訃報はすぐに大会中にアナウンスされ、選手とスタッフ全員が2分間の黙祷を捧げた。中村博士の人生は、障害者がスポーツを通じて社会復帰すること、それを実現するために自ら持つすべてのものを捧げたものだった。
第1回のフェスピックが閉幕した直後、中村博士は新聞社のインタビューで「なぜ、大都市ではなく大分で開催したのか」と問われ、こう答えている。
「最近のオリンピックを観ればわかるように、非常に派手でお祭り騒ぎで開催している。一方、誰のためのフェスピックかと考えれば、メインゲストは身障者であることを忘れてはならない。とくに、東南アジアなどの経済的に恵まれない国で身障者の大会をやる場合は、ヤシの木のある浜辺などでもできる、身障者のスポーツ大会を開催したい。つまり、フェスピックのキャッチフレーズは『ヤシの木の下で、ヤシの実をすすりながらやる国際大会』。どんなに貧しい国で大会を開いても、ホストカントリーになれる大会にしなければならない。それであまり派手にやらず、大きくやらずということで大分のような田舎で開催したわけです」(『東京パラリンピックをつくった男』ゆいぽおと刊)

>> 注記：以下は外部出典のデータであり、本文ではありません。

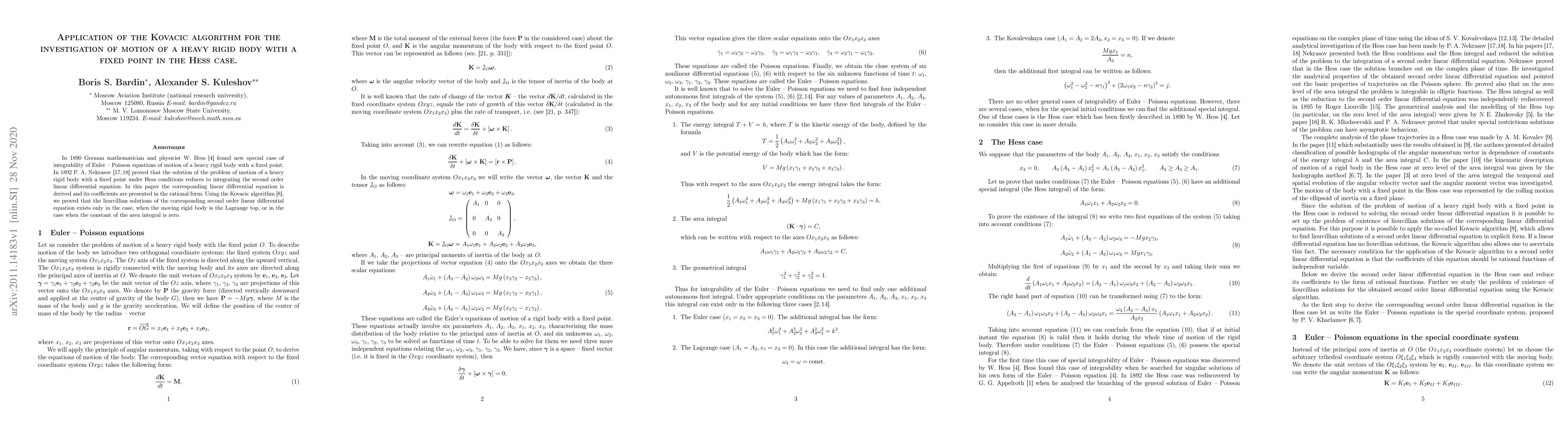 This paper rederives P. A. Nekrasov's 1892 result on the motion of a heavy rigid body with a fixed point under Hess conditions, reducing it to a second-order linear differential equation. Utilizing the Kovacic algorithm, the study proves that liouvillian solutions exist solely for the Lagrange top or when the area integral constant is zero.
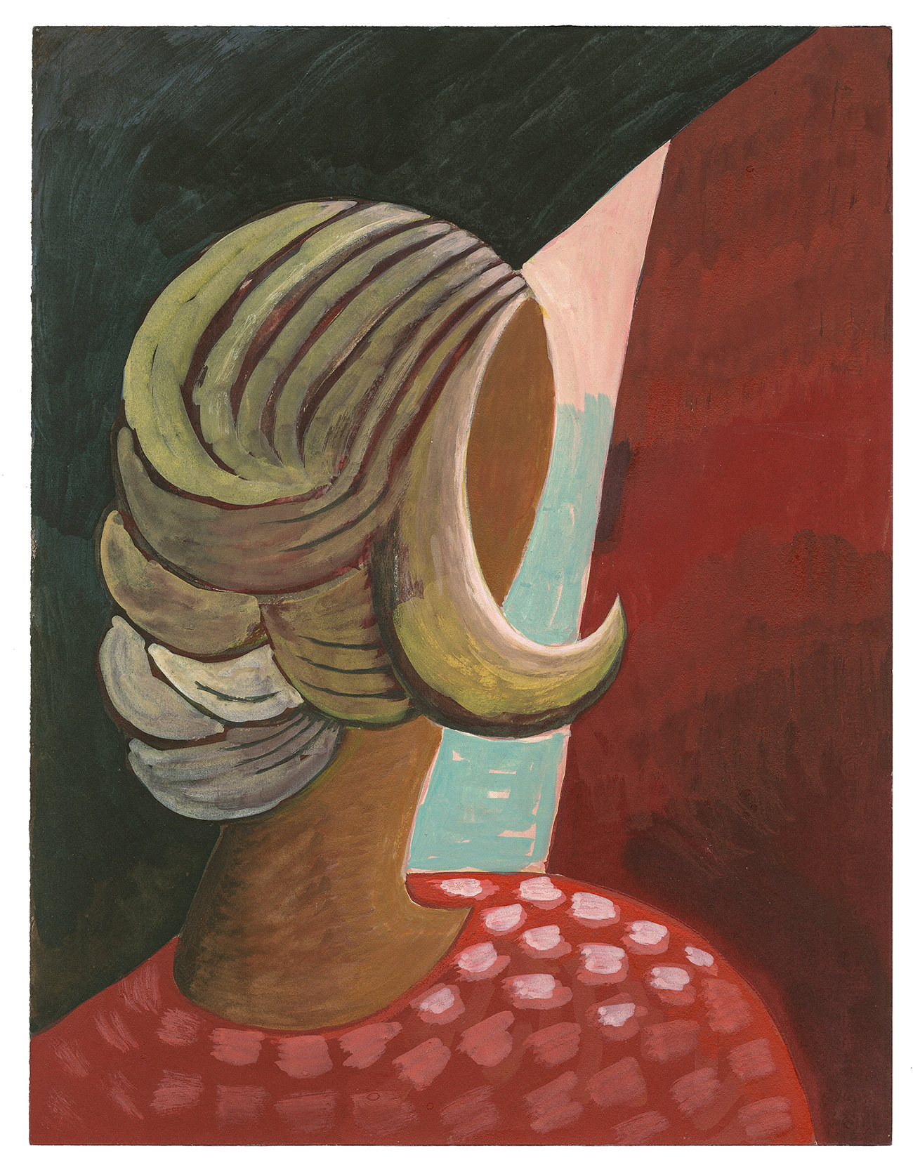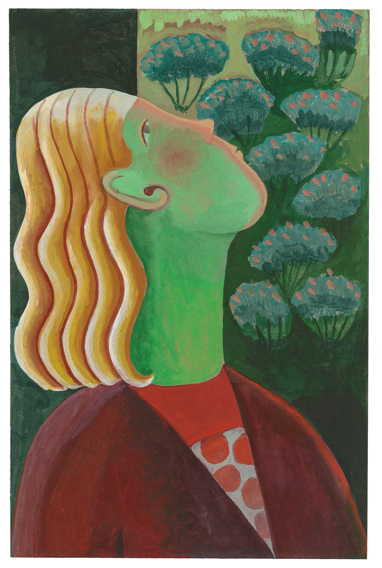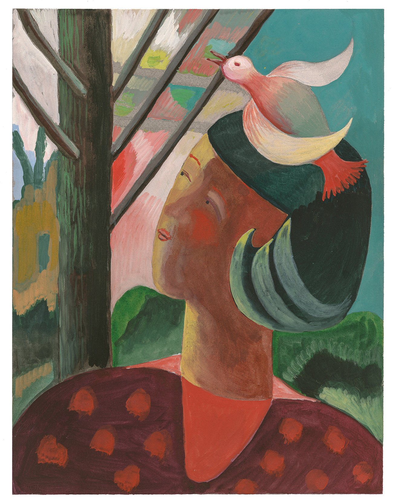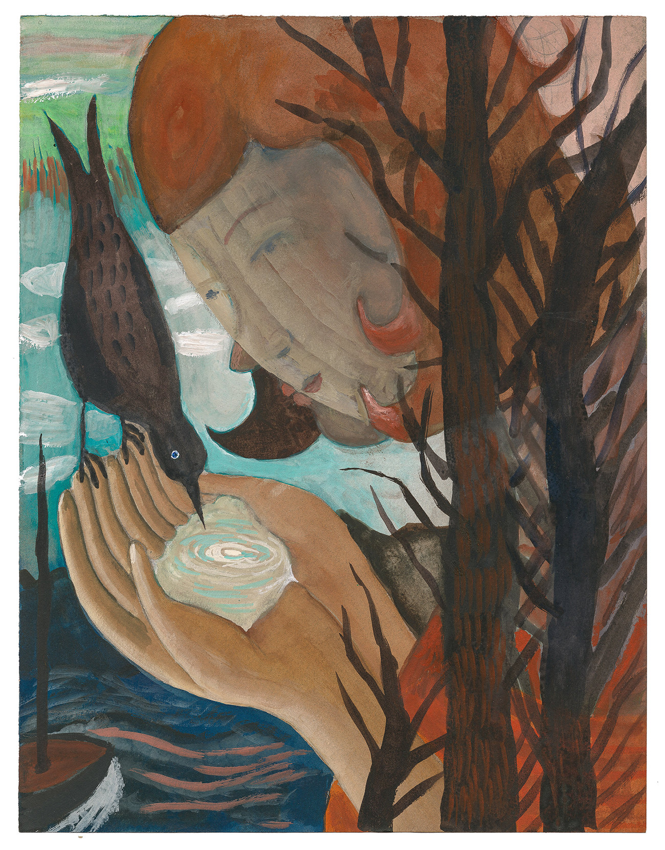 Il mondo pittorico di mia moglie è principalmente di natura privata. Il suo saggio d’esame si intitolava “Un diario pittorico” e conteneva disegni, acquerelli e fotografie, il tutto in un formato piuttosto piccolo e intimo. Ancora oggi le sue opere sono create sotto forma di appunti. Alla maniera di un diario, a questo lavoro pittorico corrisponde il piccolo formato, che lo spettatore deve avvicinarsi in modo che le persone si avvicinino solo quando hanno acquisito una maggiore familiarità. Il fatto che alla fine siano state create anche altre immagini di grande formato che possono essere percepite a distanza e che possono anche dispiegare il loro potere in una spazio più grande e meno privato è un nuovo sviluppo. Si tratta di ingrandimenti di piccoli originali di prima, per cui il posto dell’acquerello è stato preso dalla tempera all’uovo, che nella sua superficie opaca ricorda quasi la pittura ad affresco.

中村博士がこの世を去ってからまもなく40年になろうとしている。この間、アジアパラ大会は彼の思い描いたものよりもはるかに巨大なスポーツイベントに発展した。一方で、大会開催都市の費用負担は回を増すごとに重くなっている。冒頭で述べたように、2026年の愛知・名古屋アジアパラ大会では大会開催費用の予算不足ばかりが報道され、大幅な経費削減が行われる見通しだ。無駄なものは削るべきだが、それでも変えてはいけないものがアジアパラにはあるはずだ。大会運営費に困っていたのは、第1回フェスピックも同じである。今からでも遅くない。中村博士が目指した障害者のための国際スポーツ大会の存在意義を、深く考えるべきだろう。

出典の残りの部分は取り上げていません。